In other words, given inflation and interest rate data, can I predict whether I will profit if I invest in the S&P500 index and hold for 1 year.
# 4. Analysis:
1. EDA.
2. Correlation.
3. Permutaiton Hypothesis test.
   Check whether stock market return is different for 1 year given following groups

   test 1: inflation > mean                 vs      inflation < mean
   test 2: inflation > 0.75 quartile        vs      inflation < 0.25 quartile
   test 3: interest > mean                  vs      interest < mean
   test 4: interest > 0.75 quartile         vs      interest < 0.25 quartile
# 5. ML classifier:
   I think we can just train a logistic regression classifier.

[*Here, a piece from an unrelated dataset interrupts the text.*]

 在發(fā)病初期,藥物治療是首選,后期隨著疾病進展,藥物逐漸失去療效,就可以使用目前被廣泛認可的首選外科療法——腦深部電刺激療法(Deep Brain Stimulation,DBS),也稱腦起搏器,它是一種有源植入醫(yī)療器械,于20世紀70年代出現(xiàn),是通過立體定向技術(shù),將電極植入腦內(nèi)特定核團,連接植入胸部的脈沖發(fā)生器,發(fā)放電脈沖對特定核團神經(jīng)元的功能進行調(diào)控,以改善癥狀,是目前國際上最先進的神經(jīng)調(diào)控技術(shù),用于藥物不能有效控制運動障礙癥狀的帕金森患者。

It is simple and allows us to interpret the effect each feature has on the outcome.
   Features:
     1. interest rate 
     2. inflation rate
     3. previous 1 year change in interest rate (calculate from data)
     4. previous 1 year change in inflation rate (calculate from data)
   Target:
     Whether S&P 500 index increased 1 year later: (S&P500_price_1_year_later - S&P500_price_now) > 0
   
 

# USA Stock Market Index: Standard and Poors 500 (S&P 500)(GSPC)

In [None]:
gspc = yf.Ticker('^GSPC')
gspc_df: pd.DataFrame = gspc.history(start='1930-01-01', end='2023-11-01')
gspc_df.head(10)

In [None]:
gspc_df.tail(10)

In [None]:
alt.Chart(gspc_df).mark_line().encode(x=alt.X('Date', type='temporal'),
                                      y=alt.Y('Close').scale(type='log')).properties(width=1500, height=500)

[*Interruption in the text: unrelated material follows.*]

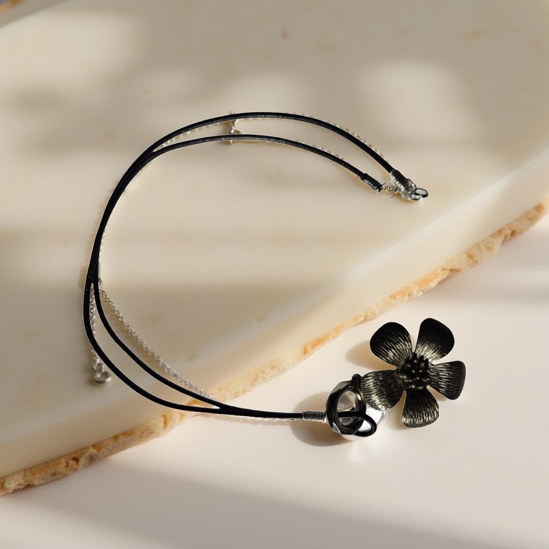 Fine metal flower and silvery ring for contrast. Black cord, lightweight.

# USA Consumer Price Index
Calculate difference to get inflation rate

In [None]:
cpi_df: pd.DataFrame = pd.read_csv('https://fred.stlouisfed.org/graph/fredgraph.csv?bgcolor=%23e1e9f0&chart_type=line&drp=0&fo=open%20sans&graph_bgcolor=%23ffffff&height=450&mode=fred&recession_bars=on&txtcolor=%23444444&ts=12&tts=12&width=1318&nt=0&thu=0&trc=0&show_legend=yes&show_axis_titles=yes&show_tooltip=yes&id=CPIAUCNS&scale=left&cosd=1913-01-01&coed=2023-09-01&line_color=%234572a7&link_values=false&line_style=solid&mark_type=none&mw=3&lw=2&ost=-99999&oet=99999&mma=0&fml=a&fq=Monthly&fam=avg&fgst=lin&fgsnd=2020-02-01&line_index=1&transformation=lin&vintage_date=2023-11-11&revision_date=2023-11-11&nd=1913-01-01')
cpi_df.set_index('DATE', inplace=True)
cpi_df.head(10)

In [None]:
cpi_df.tail(10)

##Calculate inflation from CPI

In [None]:
inflation_rate_df: pd.DataFrame = (cpi_df - cpi_df.shift(12)) / cpi_df.shift(12)
inflation_rate_df.dropna(inplace=True)
inflation_rate_df.head()


In [None]:
alt.Chart(inflation_rate_df).mark_line().encode(x=alt.X('DATE', type='temporal'),
                                                y=alt.Y('CPIAUCNS')).properties(width=1500, height=500)

# Federal Funds Rate

In [None]:
rate_df: pd.DataFrame = pd.read_csv('https://fred.stlouisfed.org/graph/fredgraph.csv?bgcolor=%23e1e9f0&chart_type=line&drp=0&fo=open%20sans&graph_bgcolor=%23ffffff&height=450&mode=fred&recession_bars=on&txtcolor=%23444444&ts=12&tts=12&width=1318&nt=0&thu=0&trc=0&show_legend=yes&show_axis_titles=yes&show_tooltip=yes&id=DFF&scale=left&cosd=1954-07-01&coed=2023-11-08&line_color=%234572a7&link_values=false&line_style=solid&mark_type=none&mw=3&lw=2&ost=-99999&oet=99999&mma=0&fml=a&fq=Daily%2C%207-Day&fam=avg&fgst=lin&fgsnd=2020-02-01&line_index=1&transformation=lin&vintage_date=2023-11-11&revision_date=2023-11-11&nd=1954-07-01')
rate_df.head(10)

In [None]:
rate_df.tail(10)

In [None]:
alt.Chart(rate_df).mark_line().encode(x=alt.X('DATE', type='temporal'),
                                      y=alt.Y('DFF')).properties(width=1500, height=500)

Looks a little noisy, maybe we will just take the moving average of last year

# Other remarks
We will need to resample all data with monthly time, align and merge all three data.